LONDON - Rapid screening systems to identify compounds that selectively inhibit enzymes that carry out protein degradation in cells are likely to become available soon, allowing identification of new drugs to treat conditions such as cancers and diseases that cause muscle wasting.

The development of such screening assays will be made possible by the discovery by researchers in Sweden of a way of detecting activity of the intracellular protein degradation pathway that includes the molecular complex known as the proteasome. They report their work in a paper in the May 2000 Nature Biotechnology titled "Short-lived green fluorescent proteins for quantifying ubiquitin/proteasome-dependent proteolysis in living cells."

Maria Masucci, professor of virology at the Karolinska Institute in Stockholm, Sweden, told BioWorld International: "This method could be potentially very useful for identifying new types of substances which inhibit this pathway."

She and her colleagues have submitted a patent application on the technique, and are negotiating with a Swedish biotechnology company on an agreement to develop their work further.

The degradation of proteins inside cells is very closely regulated. Proteins destined for degradation are tagged by small proteins called ubiquitins. Once marked in this way, they become a substrate for the molecular complex called the proteasome, which is a giant protease. The proteasome unfolds the protein, which then enters a channel in the complex where several enzymes are located. These digest the protein, chopping it into small peptides.

"This pathway is essential for cell survival," Masucci said. "The half-life of many different proteins, such as the cyclins which regulate the cell cycle, and pro-apoptotic enzymes, is very carefully controlled. So, if this pathway is altered in some way, many different diseases can result, such as cancers and muscle wasting diseases."

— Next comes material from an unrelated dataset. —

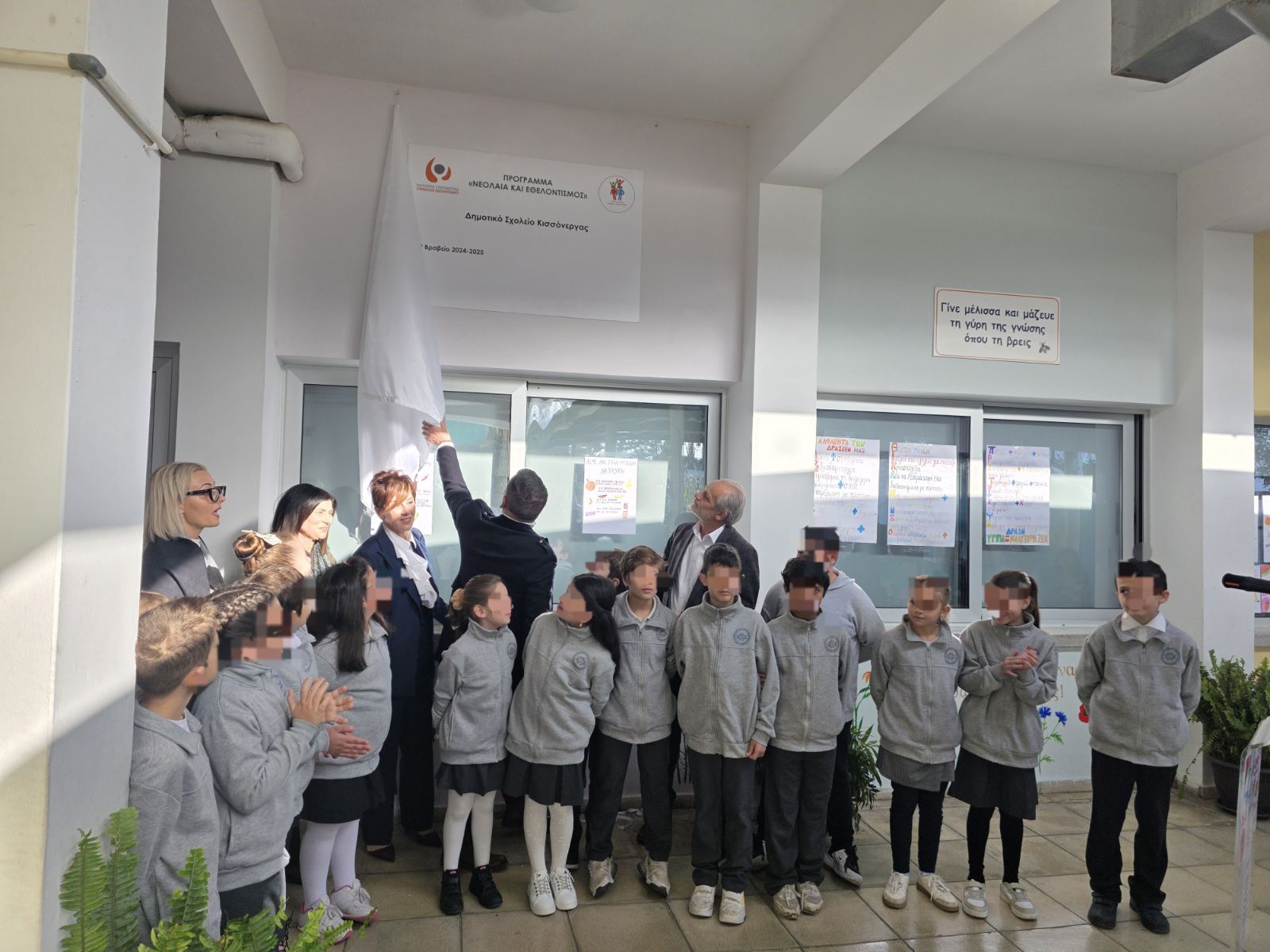 Με επιτυχία ολοκληρώθηκε η τελετή αποκαλυπτηρίων της πινακίδας στο Δημοτικό Σχολείο Κισσόνεργας, για την διάκρισή του σχολείου στον Διαγωνισμό του Προγράμματος Νεολαία και Εθελοντισμός 2024-2025 (3ο βραβείο), στις 4/3/2026, με την παρουσία του Προέδρου του ΠΣΣΕ κ. Ηλία Δημητρίου.

Masucci and her colleagues discovered several years ago, for example, that a protein of the Epstein-Barr virus is able to block the pathway and thus avoid degradation. It has also been shown, she said, that a protein produced by the human papilloma viruses is able to induce degradation of the tumor suppressor protein p53 by the proteasome.

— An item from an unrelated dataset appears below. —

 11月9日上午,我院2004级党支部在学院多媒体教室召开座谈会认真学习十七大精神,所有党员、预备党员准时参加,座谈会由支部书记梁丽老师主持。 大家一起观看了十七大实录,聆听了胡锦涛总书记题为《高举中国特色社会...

In light of such findings, the team wanted to gain a better understanding of how the ubiquitin-proteasome pathway is regulated, and how it could be modulated. They were hampered, however, by the lack of a simple method of studying the pathway in living cells.

To overcome this problem, they fused the fluorescent marker molecule called green fluorescent protein (GFP) to ubiquitin, with an amino acid in between.

Masucci explained: "If this fusion protein is put into cells, the ubiquitin part will be cleaved off and the first amino acid exposed, thus generating a substrate for the pathway. How efficiently this protein will be degraded depends on the nature of this first amino acid. When the pathway is not very active, the cells will remain fluorescent, but if the pathway is very active, the fluorescent reporter is degraded and the cells will not be fluorescent. This provides a very good technique for measuring the activity of any substance that will modulate the activity of the pathway."

Use of such fluorescent fusion proteins should make it possible to identify different substances that inhibit the pathway at different points. "There is now a great interest in finding different types of drugs that will modulate the pathway," Masucci said. "For example, there are already clinical trials in progress evaluating the use of proteasome inhibitors in the treatment of cancer. If we can block the degradation of pro-apoptotic proteins, cells will die. So if we can work out the correct pharmacological concentration of such substances, one could hope to selectively kill tumor cells."

The channel of the proteasome contains various enzymes, Masucci added, which together generate a particular subset of peptides when breaking down a protein. Inhibiting one or more of these enzymes would give rise to a different family of peptides.

"In this way," Masucci said, "one could imagine changing the antigenicity of cells. Selective modification of the pathway could lead to therapies for autoimmune diseases or allergic diseases, or generally make it possible to modify what cells show to the immune system."

Commenting on the paper in the same issue of Nature Biotechnology, in an article titled "Probing the proteasome pathway," Alfred Goldberg, professor of cell biology at Harvard Medical School in Boston, said the method should prove "very useful." GFP fusions will allow not only automated fluorescent-activated cell sorter analysis, but also high-throughput screening for novel inhibitors, he said.

Goldberg concluded: "It is likely that many investigators will also soon be following the breakdown of proteins of medical importance (such as IkB and p53) by creating similar GFP fusions."